Twisted Hexagons & Making Do

Twisted Hexagons is my favorite "go to" pattern for little kids. You can capture a fabulous motif in the center hexagon and then finish it off with 6 half-hexagons. No y-seams (you know the story). I used just about the very last of the collection with only ONE fat quarter remaining. Aren't these fun fabrics from 2012?

Sockey the Monkey and his fabrics

Here's a single block from a previous quilt. Don't those monkeys look happy?


I finished my last set of blocks last weekend (actually, on Memorial Day). I put the 3 horizontal rows together and then scoured my stash for borders. Don't you just love the black and white dots?! The blocks are 10" high, with a 5" high center hexagon.
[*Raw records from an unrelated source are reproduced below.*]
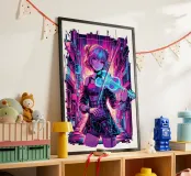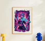 Immerse yourself in the vibrant glow of a cyberpunk city with this stunning anime illustration of a girl playing a neon-lit violin. The futuristic cityscape comes alive with electric pinks and blues, creating a mesmerizing fusion of music and technology. Perfect for anime fans, sci-fi enthusiasts, and anyone who loves unique, neon-drenched artwork.
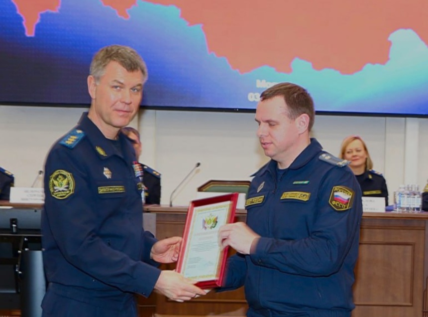 Диплом 3-й степени главному судебному приставу Псковской области Сергею Колесникову вручил директор Федеральной службы судебных приставов Дмитрий Аристов.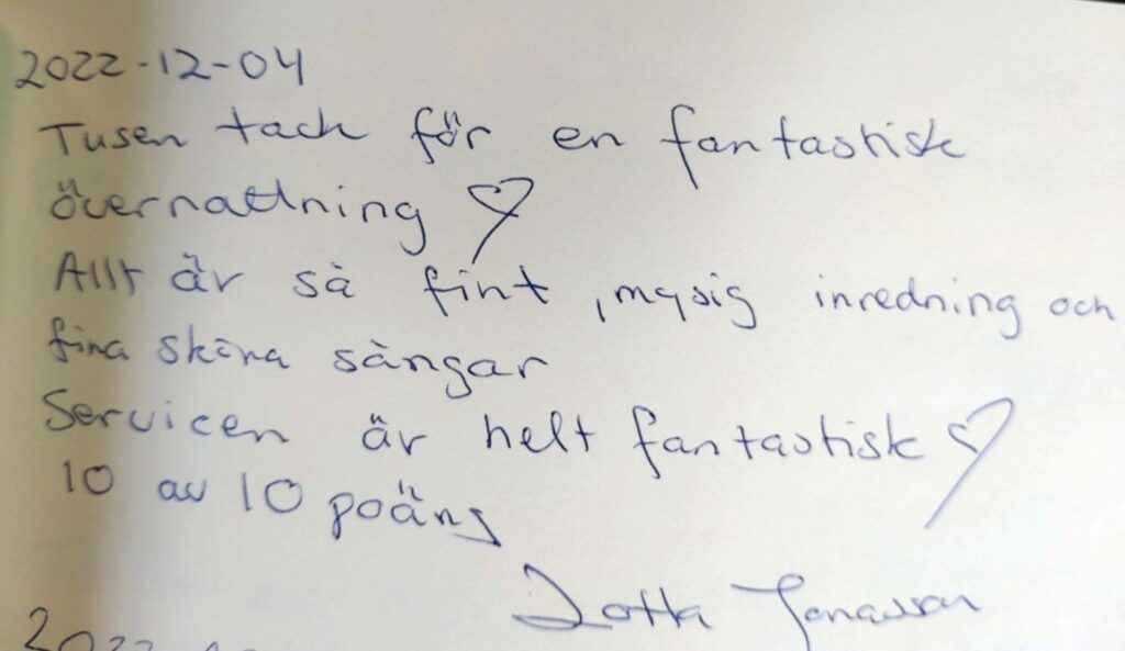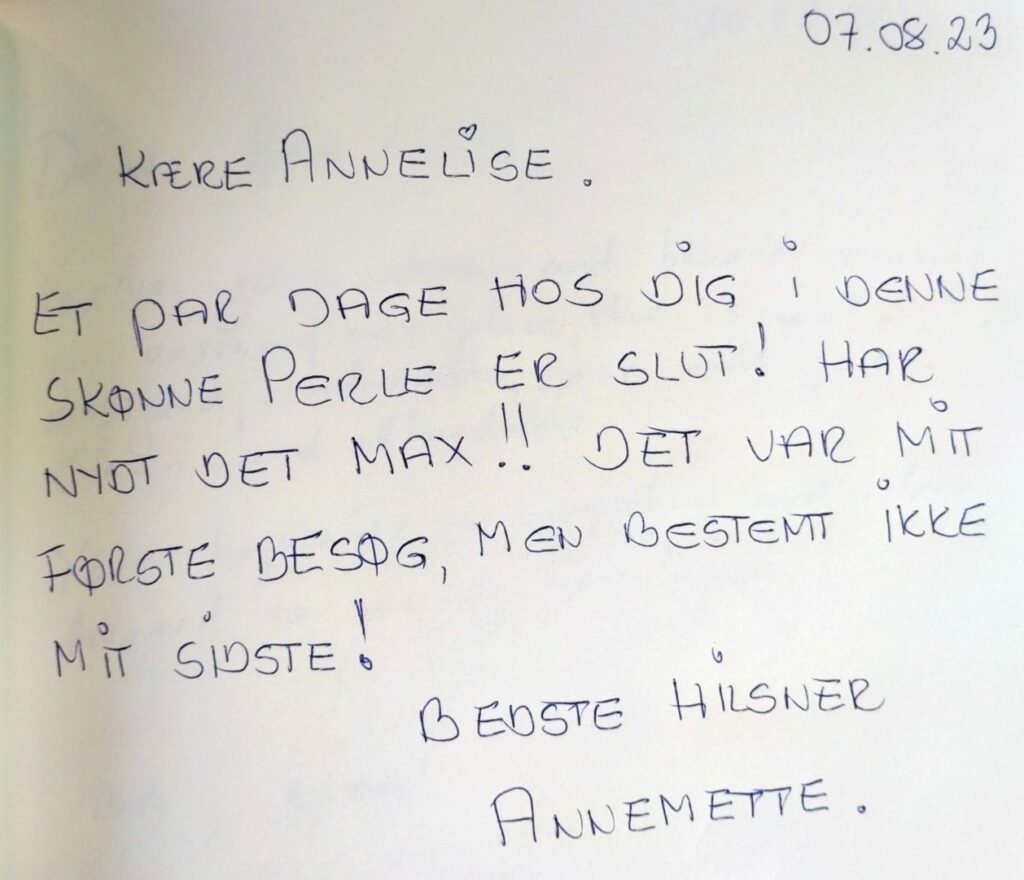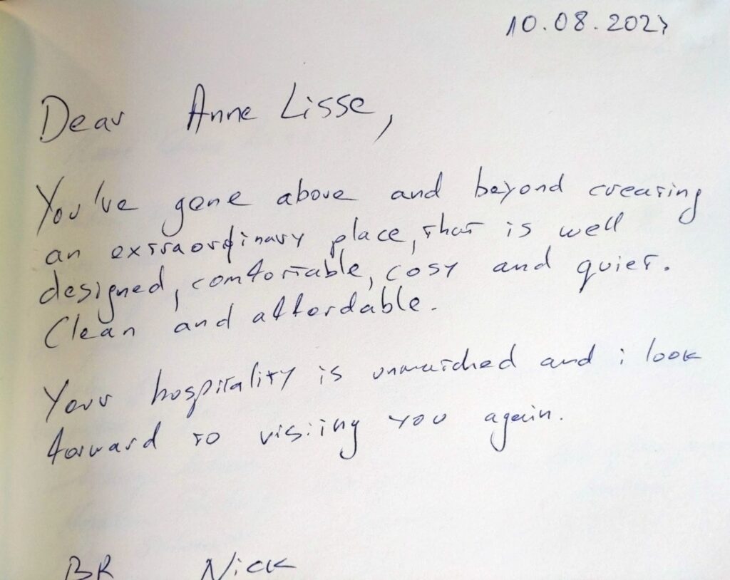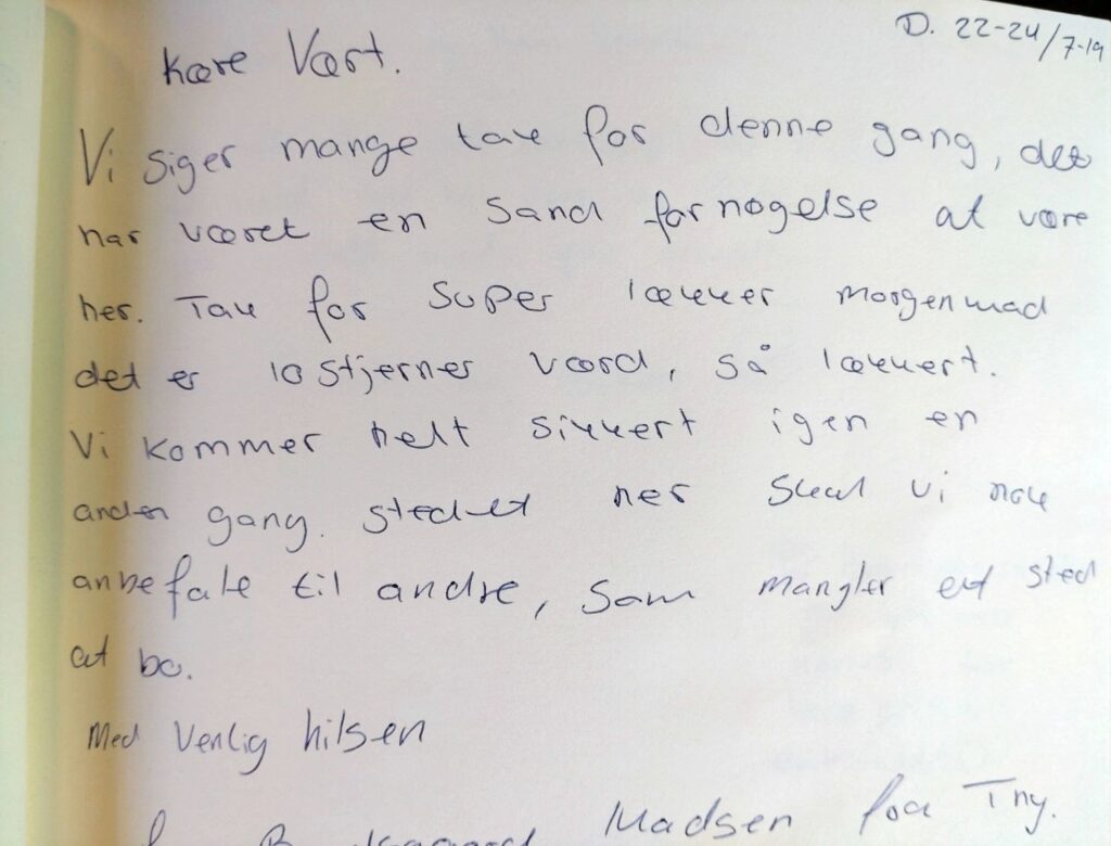 Vores smukke gæstebog vidner om mange skønne oplevelser fra vores gæster. Det er dem, der giver os lyst til fortsat at gøre vores bedste for at skabe rammerne for et dejligt ophold på vores lille stevnske oase. Vi glæder os til også at byde dig velkommen!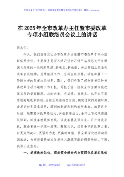 / 在2025年全市改革办主任暨市委改革专项小组联络员会议上的讲话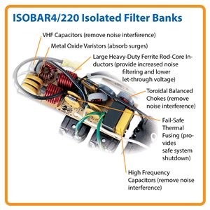 The Isobar is the only surge protector line with internal barriers (called isolated filter banks) that prevent disruptive line noise from causing A/V distortion, computer lock-ups, data errors and similar problems. Isobar's unique protection system combines large toroidal chokes, ferrite rod-core inductors, HF/VHF capacitors and multiple layers of metal oxide varistors into two exclusive isolated filter banks that remove EMI/RFI interference and prevent system crashes, reboots and performance problems.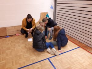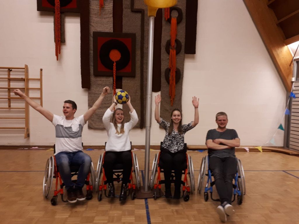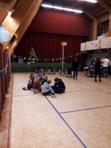 Na de griezelspeurtocht en het oliebollen eten gingen de senioren van start met het rolstoelkorfbal. Het was alweer de derde editie van het rolstoelkorfbal maar het blijft leuk en zal misschien nog wel weer eens georganiseerd worden.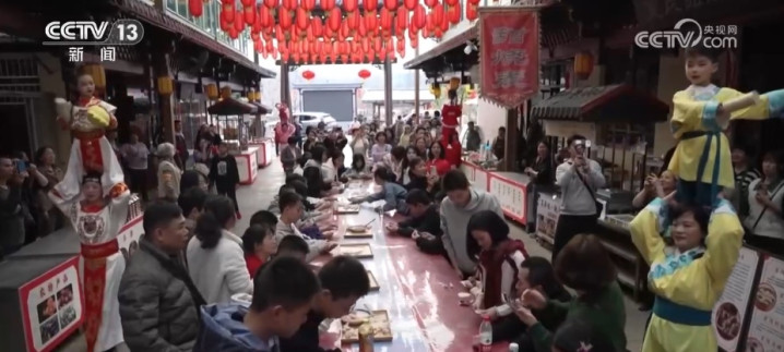这个春节,在福建省三明市沙县区俞邦村,可以看到沙县传统戏种——肩膀戏。小孩子站在大人肩膀上表演,孩子负责唱腔、头部表情和双手动作,大人负责台位变换的腿部动作,演绎经典名作中的选段。市集上,肩膀戏和鱼灯伴着铿锵锣鼓穿行街巷。肩膀戏热情洋溢,鱼灯摇曳、首尾相随,寓意年年有余、吉祥纳福。尝尝沙县小吃,体验地方年俗,恰似一张喜庆祥和的新春画卷。
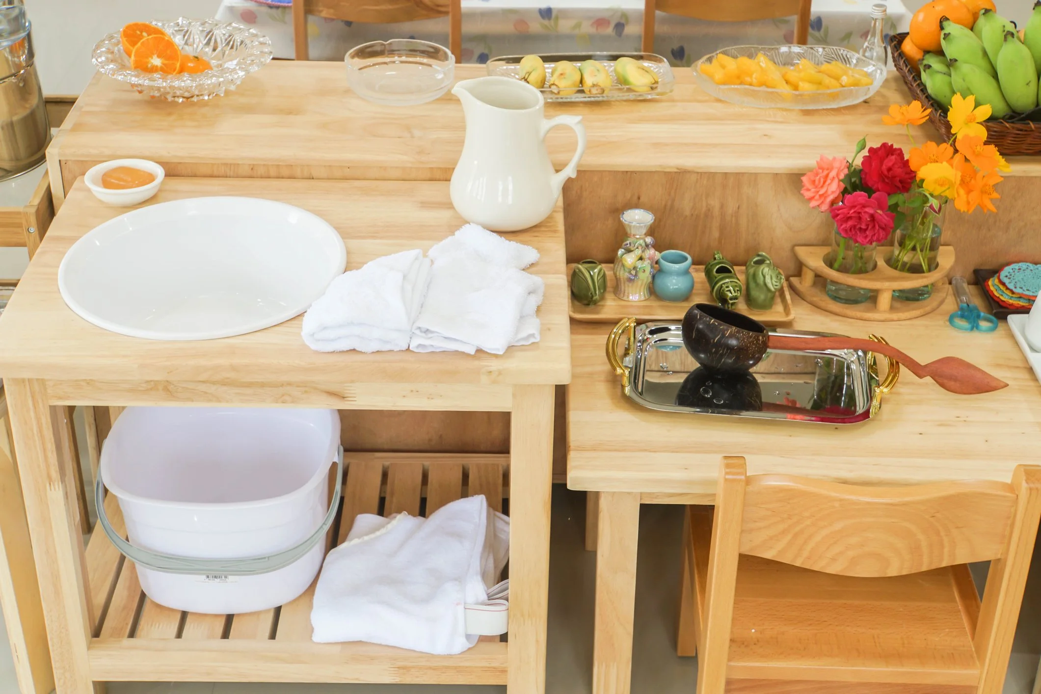 The Montessori Parent-Toddler Programme is catered to children from approximately 18 months (or steady walkers) to 3 years old, where they can use child-sized equipment and carefully crafted Montessori materials to develop independence, concentration and a love for learning. Every area in our centre reflects beauty and calmness.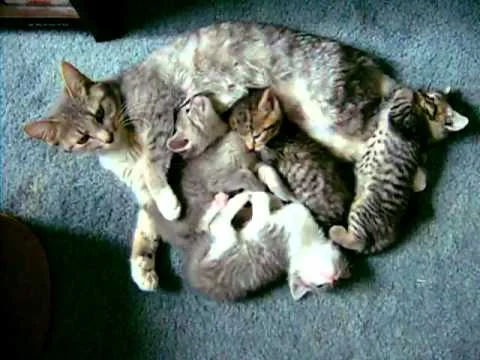 Ecco a voi mamma gatta e i suoi gattini. Non sono i più teneri del mondo?

9 Block Twisted Hexagon quilt: 40" x 46"

OK. You're probably wondering what the "making do" in my blog title has to do with this. Well, let me show you. I needed two more half-hexagons in the red with yellow bananas. And so I pieced the fabrics. Here - let me show you. This is the bottom center block in the quilt above. And I had to piece the white setting triangle (on the left), too!

Twisted Hexagon block with pieced half-hexagons

Do you think some little kid is going to cry: "Mommy! Mommy! Do you see this mistake in my quilt? Oooooh. I don't want it!" HA! Never gonna happen. Once this is quilted, even the most calculating quilter's expert eye won't see it.

Lesson? Don't ever be afraid of piecing patches together to get what you need to finish a quilt. I have done it dozens of times in my 30+ years of publishing my quilts - and it's even happened with quilts that have gone on magazine covers!

You can find the pattern for a quilt with nine 10" blocks here: Twisted Hexagons with 10" blocks

And the same pattern for a smaller, 6 block quilt (33" x 39"): 6 Block Twisted Hexagons quilt

It's easy to cut the whole and half hexagons with a standard 60 degree triangle ruler, but I've also added paper templates in the pattern.

Comments

  1. I DO love the black dots with this! A friend in Canada calls this poverty piecing. That's a little odd to someone who grew up in poverty, but I suppose it fits just fine. I've done it now and then, and it does work! I'll have to put this on the list. The patterns came and I'll be starting one of them mid-summer - maybe the braid first.